Wolf and Japan. Triflora × Americana mollis. 1. Ill. Hort. Soc. Rpt. 424. 1905.

Listed with a number of plums which were tested by H. T. Thompson, Marengo, Illinois.

Wolf Clingstone. Americana mollis. 1. Wis. Sta. Bul. 87:18. 1901. 2. S. Dak. Sta. Bul. 93:13. 1905.

Clingstone Wolf. Wolf Cling 1.

Propagated and sent out in many cases as the true Wolf which it much resembles except that it is darker in color and is a clingstone. It seems to be more resistant to diseases and insects than Wolf.
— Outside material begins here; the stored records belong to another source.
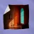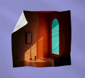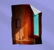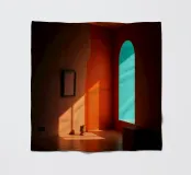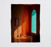 Soft sunlight filters through a turquoise window, casting shadows on orange walls. A clay pot sits on the wooden floor, enhancing the artistic ambiance of the space.
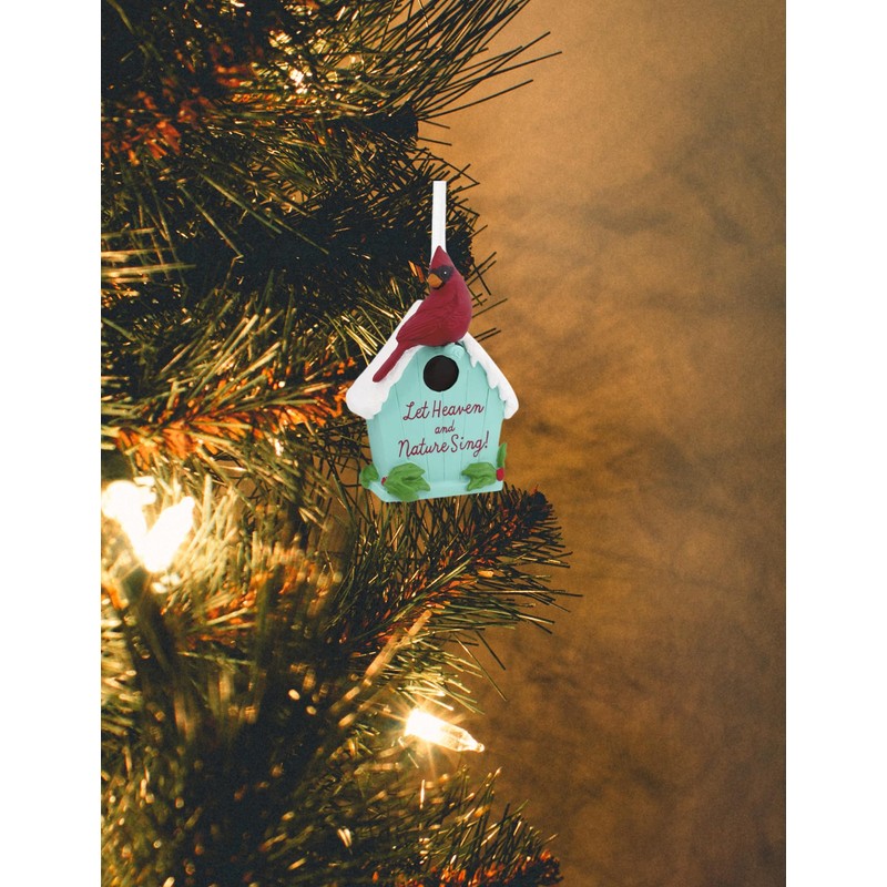 - Festive Sentiment: The birdhouse is inscribed with the uplifting phrase "Let Heaven and Nature Sing!", adding a touch of holiday cheer.
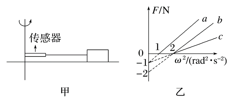 如图甲所示,某同学为了比较不同物体与转盘间动摩擦因数的大小设计了该装置.已知固定于转轴上的角速度传感器和力传感器与电脑连接,通过一不可伸长的细绳连接物块,细绳刚好拉直,物块随转盘缓慢加速.在电脑上记录如图乙所示图像.换用形状和大小相同但材料不同的物块重复实验,得到物块a、b、c分别对应的三条直线,发现a与c的纵截距相同,b与c的横截距相同,且符合一定的数量关系.回答下列问题:
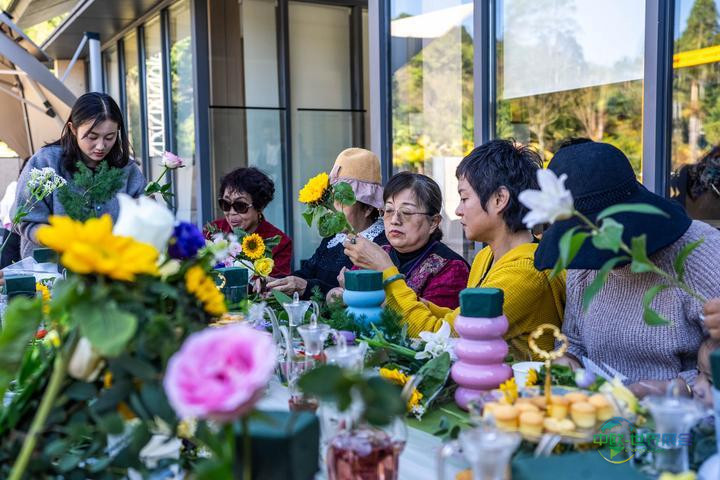 2025年11月29日,在普洱市思茅区旅居的老人们参加社区组织的插花活动。
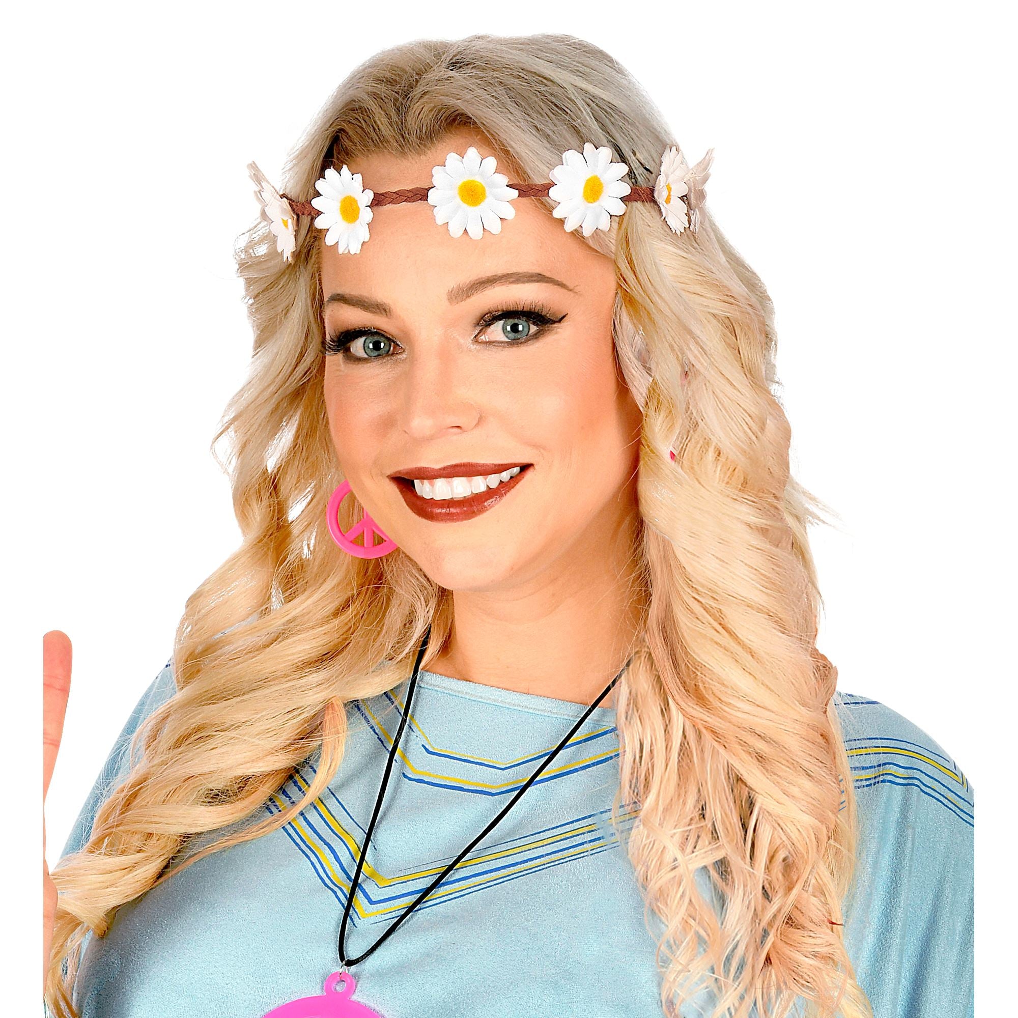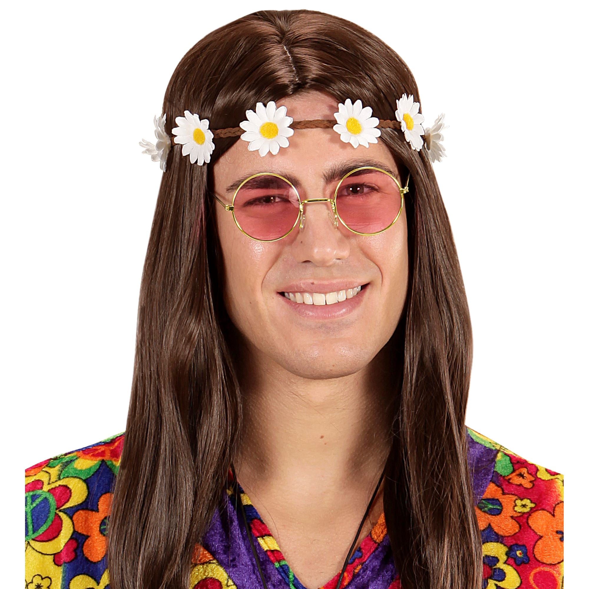 Das Gänseblümchen Haarband ist die perfekte Ergänzung für ein ultimatives Hippie Kostüm. Das Haarband ist mit kleinen Gänseblümchen ausgestattet, die an einem braunen Band befestigt sind. Es passt sich nahezu jedem Hippie Kostüm an.
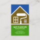 A simple cover accentuated by a brown home with white outlines. In the middle of the home is a roller brush just finishing the painting works. Beside the brush are two elegantly painted white windows. Above the home is a bright blue sky. A green lawn at the base of the card has all your details. Your name and job title lie at the top alongside the contact details.

Woolston. Domestica. 1. McIntosh Bk. Gard. 2:53. 1855. 2. Horticulturist 13:168. 1858. 3. Mas Le Verger 6:153, fig. 77. 1866-73. 4. Mathieu Nom. Pom. 454. 1889. 5. Can. Exp. Farms Rpt. 433. 1905.

Reine-Claude de Woolston 5. Reine-Claude Noire de Woolston 3. Woolston Black 4. Woolston Black Gage 1. Woolston Gage 2. Woolston’s Black Gage 3, 4. Woolston’s Violette Reine-Claude 4.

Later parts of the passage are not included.